Simulation results demonstrate that the stochastic framework can reproduce a range of phenomena: (i) low‑dose radio‑adaptation manifested as reduced overall cell death, (ii) a rapid rise in cancer transformation probability at doses above the sigmoidal inflection point, (iii) the emergence of mutation clusters and clonal expansion under repeated exposures, and (iv) the impact of bystander signaling on non‑irradiated cells, leading to elevated mutation rates even in the absence of direct dose deposition. The authors also illustrate how the model can be applied to radiotherapy scenarios, predicting tumor cell kill while accounting for normal‑tissue sparing through adaptive response mechanisms.

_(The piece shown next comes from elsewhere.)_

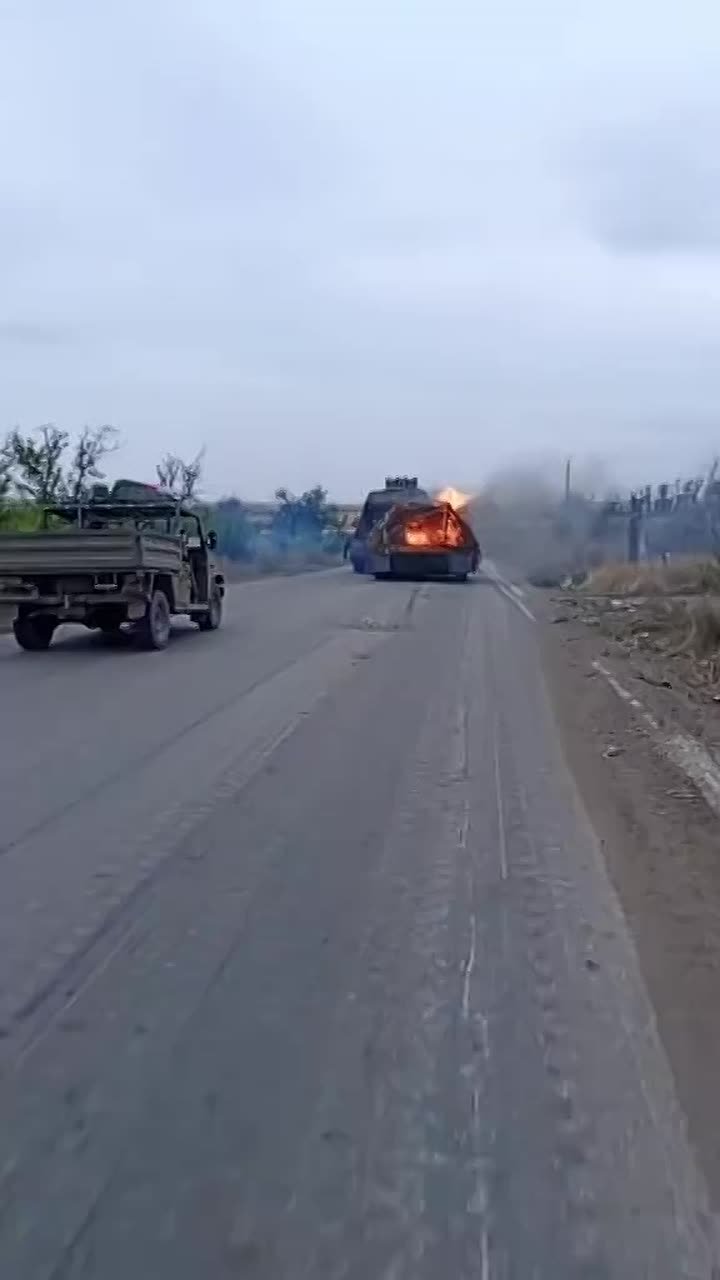 Поврежденную технику с подгорающий мангалом тащат в тыл на ремонт.

Limitations are openly acknowledged. The model does not incorporate spatial heterogeneity of cell populations, oxygen tension, vascular supply, or other microenvironmental factors that are known to modulate radiation response. Moreover, it lacks explicit treatment of non‑uniform exposure geometries and microdosimetric spectra, which are essential for accurately modeling high‑LET (linear energy transfer) particles or complex clinical beams. The authors suggest that future work should focus on integrating experimentally derived parameter sets, extending the stochastic tree to include tissue‑level interactions, and coupling the framework with detailed dosimetric models to enable realistic risk assessment and treatment planning.

In summary, the paper presents a novel, physics‑inspired stochastic biophysical model that treats irradiated cells as complex probabilistic systems. By merging a probability‑tree representation with quasi‑Markov chain Monte Carlo sampling and incorporating nucleation/catastrophe theory, adaptive response, and bystander effects, the authors provide a versatile tool for exploring non‑linear dose‑response relationships, radio‑adaptation, and therapeutic outcomes. The work lays a solid theoretical foundation for future extensions toward more biologically realistic and clinically applicable radiation‑biology simulations.